Given an isosceles trapezoid ABCD with a large base AD. Find the angles of the trapezoid if AC
Given an isosceles trapezoid ABCD with a large base AD. Find the angles of the trapezoid if AC is the bisector of the angle BAD and AD = 2 BC.
AC, by condition, is the bisector of the angle BAD. By the property of the bisector of a trapezoid, it cuts off an isosceles triangle from the lateral side. Then AB = BC = CD.
Let the base BC = X cm, then, by condition, AD = 2 * X cm.
Then AB = BC = CD = X cm.
From the top B of the trapezoid, we lower the height BH, which, on the basis of AD, cuts off the segment AH, the length of which is equal to the half-difference of the lengths of the bases.
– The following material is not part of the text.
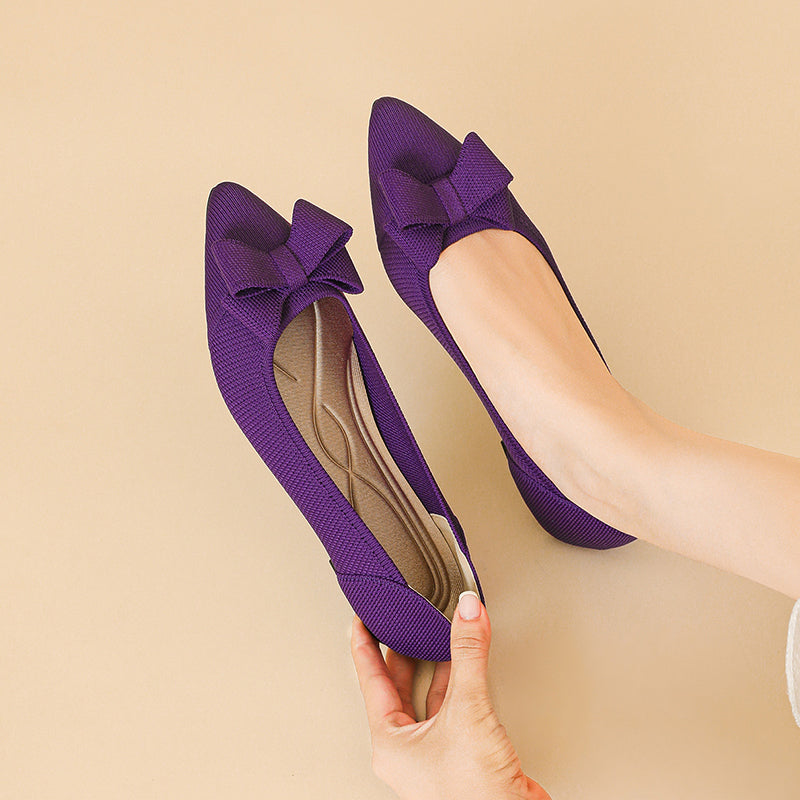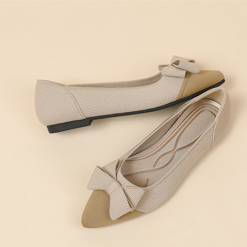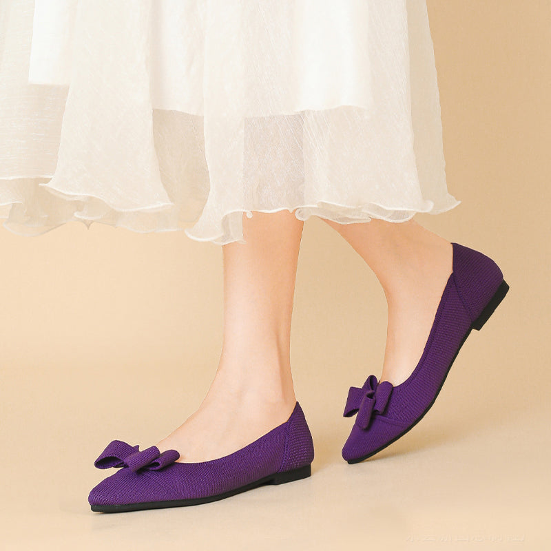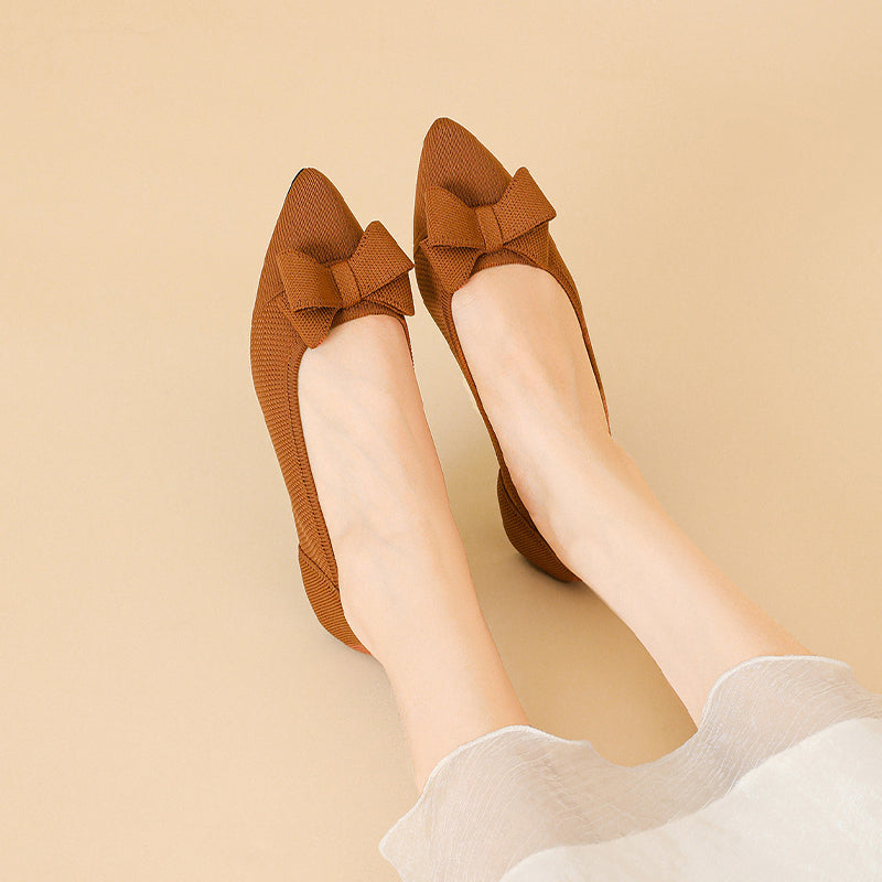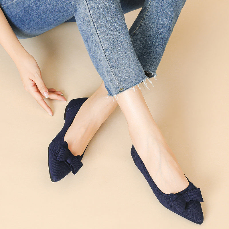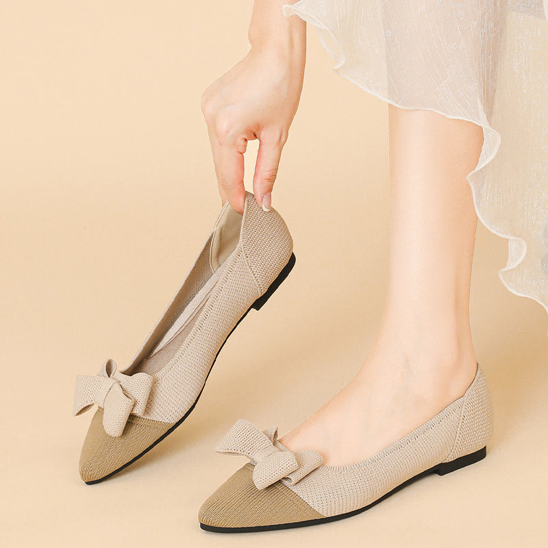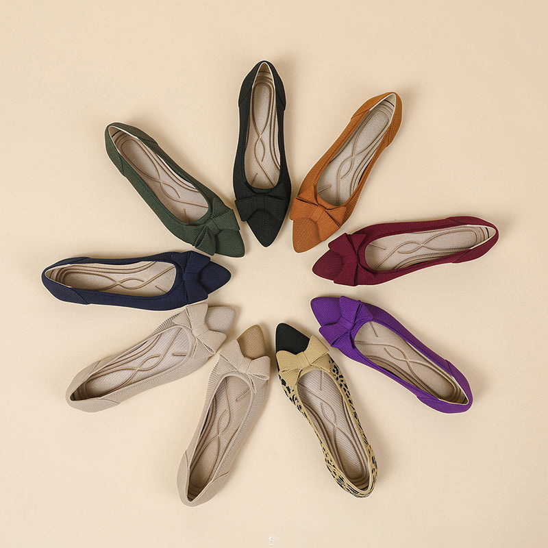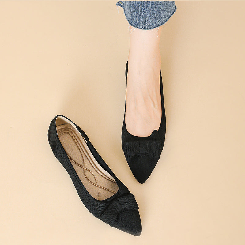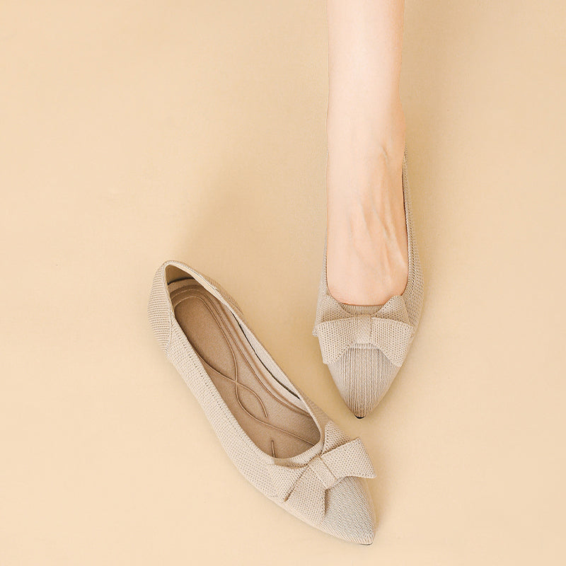 Women's Bow Solid Pointed Toe Knit Ballet Flats

AH = (AD – BC) / 2 = (2 * X – X) / 2 = X / 2.
In a right-angled triangle ABH leg AH = X / 2, hypotenuse AB = X cm. Since AB is twice AH, the angle against the side AH is 30, and the angle BAH = 60. Angle ABC of the trapezoid ABC = ABH + HBC = 30 + 90 = 120.
Since in an isosceles trapezoid the angles at the bases are equal, then the angle BCD = ABC = 120, the angle CDA = BAD = 60.
Answer: The angles of the trapezoid are 60 and 120.